### TASK TO COMPLETE
Your response to the data below should hold nothing except the lines from the one containing "Добродетель и порок" down to the one containing "Son Thỏi Lancôme", reproduced exactly and without pictures.
AVAILABLE DATA START
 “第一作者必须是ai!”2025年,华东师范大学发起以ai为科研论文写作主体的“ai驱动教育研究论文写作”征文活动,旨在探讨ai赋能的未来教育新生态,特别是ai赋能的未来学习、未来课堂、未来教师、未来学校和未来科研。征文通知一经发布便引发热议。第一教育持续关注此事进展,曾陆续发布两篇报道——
AVAILABLE DATA END
AVAILABLE DATA START
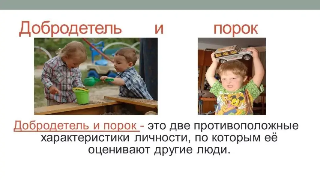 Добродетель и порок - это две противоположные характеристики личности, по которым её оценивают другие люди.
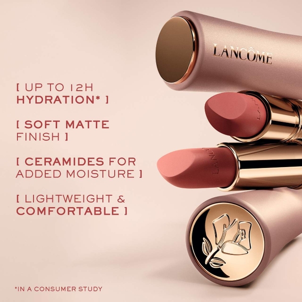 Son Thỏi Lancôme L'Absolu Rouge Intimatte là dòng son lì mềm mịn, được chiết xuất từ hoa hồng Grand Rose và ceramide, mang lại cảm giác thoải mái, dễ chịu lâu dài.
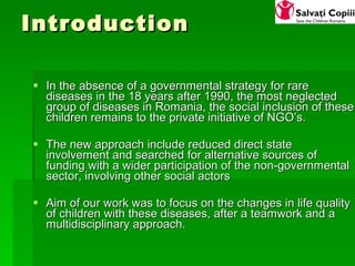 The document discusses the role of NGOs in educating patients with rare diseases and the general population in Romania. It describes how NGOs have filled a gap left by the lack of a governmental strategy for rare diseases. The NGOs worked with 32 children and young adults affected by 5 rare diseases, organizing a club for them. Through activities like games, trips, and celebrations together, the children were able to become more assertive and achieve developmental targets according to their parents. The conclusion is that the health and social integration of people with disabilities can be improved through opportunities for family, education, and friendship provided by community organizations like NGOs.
AVAILABLE DATA END
### ANSWER SPACE
 Добродетель и порок - это две противоположные характеристики личности, по которым её оценивают другие люди.
 Son Thỏi Lancôme L'Absolu Rouge Intimatte là dòng son lì mềm mịn, được chiết xuất từ hoa hồng Grand Rose và ceramide, mang lại cảm giác thoải mái, dễ chịu lâu dài.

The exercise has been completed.